I am here. Hear me.
An Interview with Saira Rao
By Catherine Henderson
Saira Rao describes herself as a “wall-street lawyer turned novelist,” a title that immediately leaves room for a story. Raised in Richmond and educated at the University of Virginia, Saira “did everything right.” She went to law school at NYU. She clerked for the United States Court of Appeals for the Third Circuit. She worked at a white shoe New York City law firm.
As she entered positions of power, she found corruption, narcissism, and backstabbing. Saira began to write about what she saw, using her voice to separate herself from the systems she disdained. These musings became Chambermaid, a novel that was translated into five languages and optioned for a Warner Brothers film.
Yet Saira noticed a larger problem in media. The vast majority of TV shows or books for her brown children featured white kids: funny, tough boys or glittery, unfunny girls. She teamed up with her friend from UVA, Carey Albertine, and launched In This Together Media, a company that packages diverse middle grade and young adult literature. Saira and Carey brainstorm ideas in their mission of diversity and hire authors to pen them. Once completed, their agents in New York sell the books to publishers such as Simon & Schuster and Knopf.
Now, she’s joined the GALS Inc. Board as a firm believer in diversity in education. She is a dear friend and confidant of Liz Wolfson. Saira describes GALS Inc. as the educational equivalent of In This Together Media.
I sat down with her for an interview at her home in Denver. I shortened our interview for the sake of succinctness.
How did you meet Liz Wolfson?
I moved here four years ago, and I desperately wanted to meet other women in the empowerment space. I asked everyone I knew, and her name came up over and over again, so I just reached out to her.
Describe the first time you went to GALS.
It was mind blowing to me because we at In This Together Media believe that every story counts, and GALS felt like the educational version of what we try to do in media. I’ve never seen a school, nonprofit, or company that does what it does, putting theory into practice. Every one of the kids looked me in the eye, introduced herself, shook my hand, and was able to answer my questions with kindness and confidence. There’s a sense of self-awareness that you don’t see in other schools.
What books do you recommend for educators looking to expand curricula to move away from clichés?

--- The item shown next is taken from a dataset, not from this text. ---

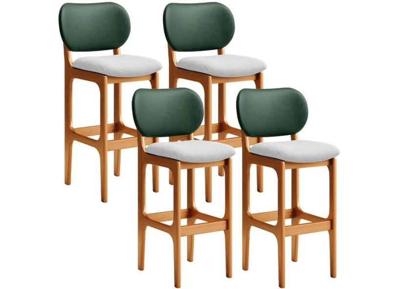 Kit 4 Banquetas Alta Bar Cozinha Sala Jantar Betta L02 Imbuia Facto Verde Linho Cinza - Lyam Decor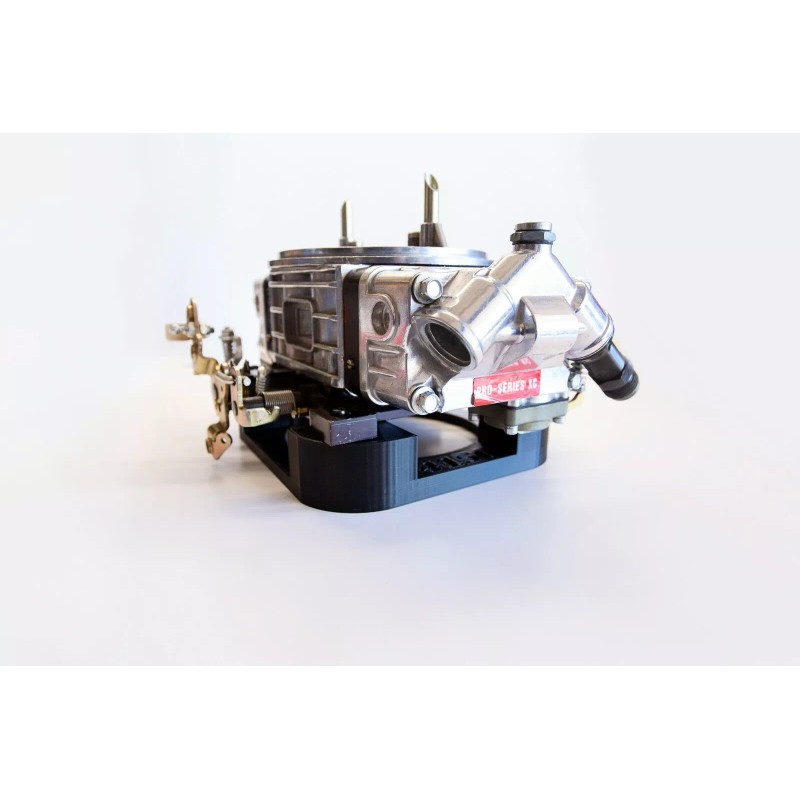 This carburetor work stand features an open center and makes working on your carburetor much easier. This will hold your carb up off the workbench area. To where linkages and butterflies work freely. Settings and adjustments are much easier to accomplish.

People ask that a lot, and I think that for everyone, it’s different. What I would recommend to my daughter who’s a 9-year-old brown girl would be different for a gay, white kid in Kentucky. Of course, excellent stories transcend all boundaries. I love the Hunger Games as much as the next gal, but when it comes to recommending books that pervert stereotypes, I think that’s the homework of parents, teachers, and librarians to dig really deep. That’s a tough job. Our goal [at In This Together] is to flood the marketplace, so it becomes a lot easier to find more books with characters who reflect our diverse population. We are currently working on a book featuring a 13-year-old trans kid. We’re working on a book about a pug who’s a dictator who keeps other dogs out of the park. We’re working on a story with Muslim-American kids and geeky, white-girl stand-up comics. Not every book is for everyone, but we want people to have choices. I, for one, am sick of the cis-gendered, straight, funny, white-boy protagonist.

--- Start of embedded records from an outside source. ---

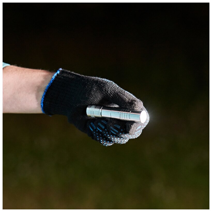 Компактный фонарь с ярким сфокусированным светом с увеличенной дальностью луча. Отлично подходит для использования на привале, на даче, а также в ремонтных мастерских. Эргономичные размеры позволяют комфортно размещать фонарь в руке. Прочный алюминиевый противоударный корпус.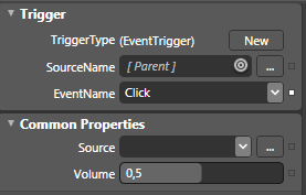 The Common Properties section is about setting the properties for sound. To set a sound, either select it from the dropdown (for the sounds already added in the project), or press the ellipsis button to browse and select from local disk. Quieter sounds can be made louder by setting the Volume to a higher value (and opposite).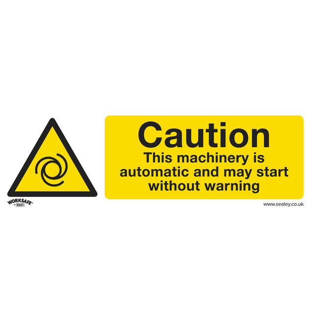 Sealey SS47V10 Warning Safety Sign - Caution Automatic Machinery - Self-Adhesive Vinyl - Pack of 10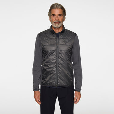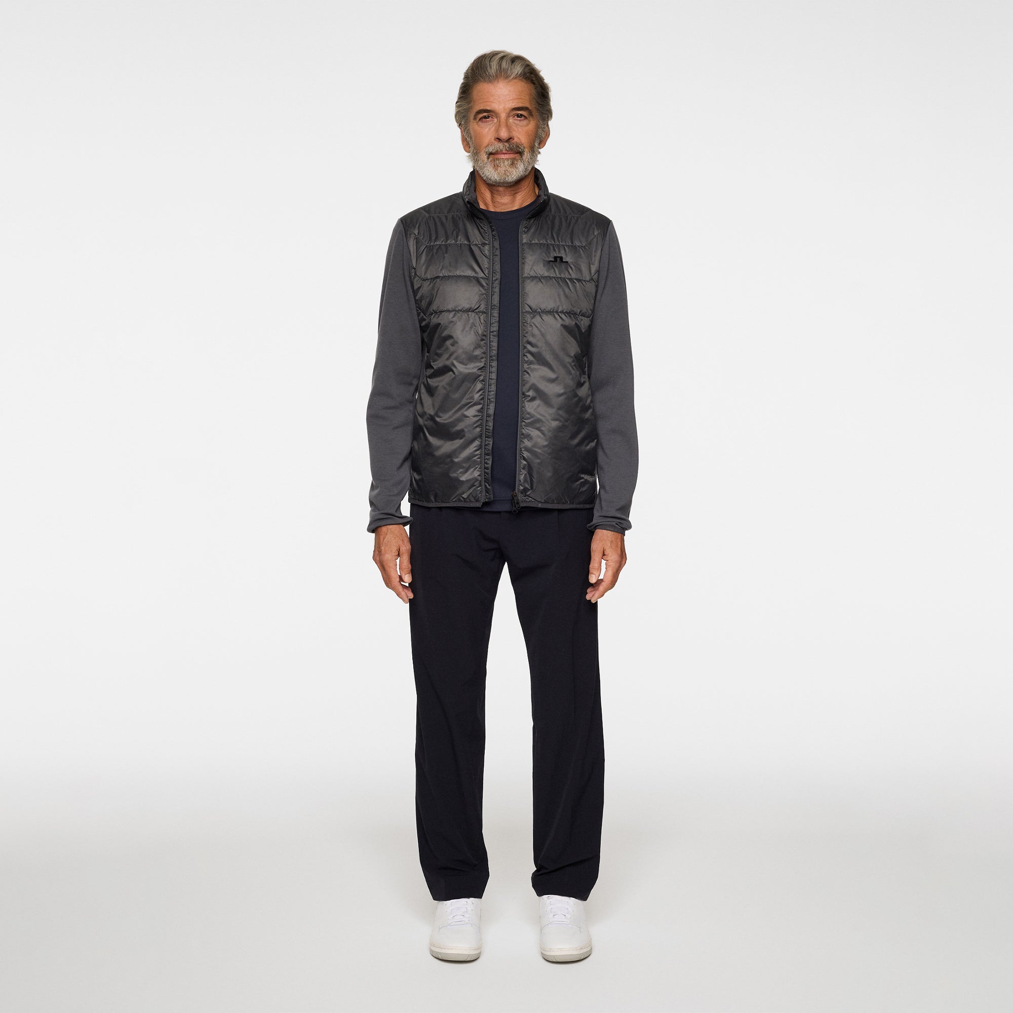 Luxury layering with tech benefits. The Gregory Hybrid Jacket features merino wool blend panels, fleece interior, and a water-repellent finish. Perfect for city-to-slope transitions.

How has Liz Wolfson and GALS Inc. changed your view on education and diversity?
When we started [In This Together], we had people openly laugh at us in the industry. We had a person at Scholastic tell us that straight, white boys sold. And here we are, we’re doing it. Liz is the same way. She was an outsider who did what everyone told her she was crazy to do, and she did it anyway. And it’s working! She and Nina have proven that there’s another way, that black kids and white kids, poor kids and rich kids, trans kids and cis kids can all be in the same school, be friends, and perform well.
In your article, “Confessions of a Closeted Brown Woman,” you talk about trying to diminish the self-loathing you experience as a minority. How do you think a school like GALS can diminish self-loathing and help students accept who they are?

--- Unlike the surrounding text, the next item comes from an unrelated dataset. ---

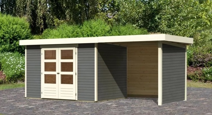 dřevěný domek KARIBU ASKOLA 4 + přístavek 240 cm včetně zadní a boční stěny (92072) terragrau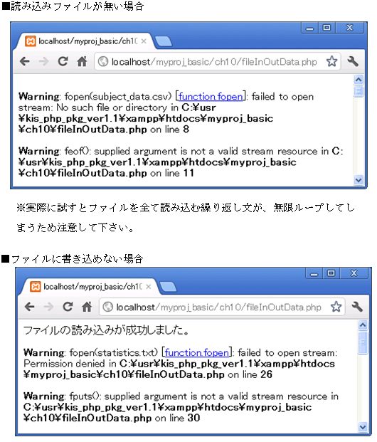 例えば10.3.2項で作成した、「fileInOutData.php」を実行する時に、「subject_data.csv」が無い場合や、または「statistics.txt」が読み取り専用になっている場合はエラーになってしまいます。

I grew up in Richmond, Virginia where there were black kids and white kids but no Asian kids. I went to private school. My parents didn’t know what else to do, and they thought there would be less racism. So I made myself white. When I got to college, I joined the greek system, I went to mixers at fraternities with confederate flags everywhere. It makes me really sad to think about. I’m trying not to blame myself too much for the extremely poor choices I’ve made in terms of whitening myself. But at a school like GALS, you aren’t presented with that horrible option. There’s no single mold there. As a result, you grow up as yourself rather than trying to fit into something else. You learn to say, “I am here. Hear me. Listen to who I am.”
How do you live the GALS values in your everyday life?
I keep going back to “hear me.” I think about it all the time. I think that we don’t know our own power. And it took me a long time to trust my voice. Trying to fit in makes you dampen your own voice. At GALS, it’s the opposite. It’s something that will stay with you for the rest of your life. It’s knowing your power and refusing to be silent in whatever way works for you.
Who are your sheros?
I have a lot, but I would say right now, it’s every single black woman in this country. Every single black woman in this country is my shero. And my late mom, the baddest of brown asses there ever was.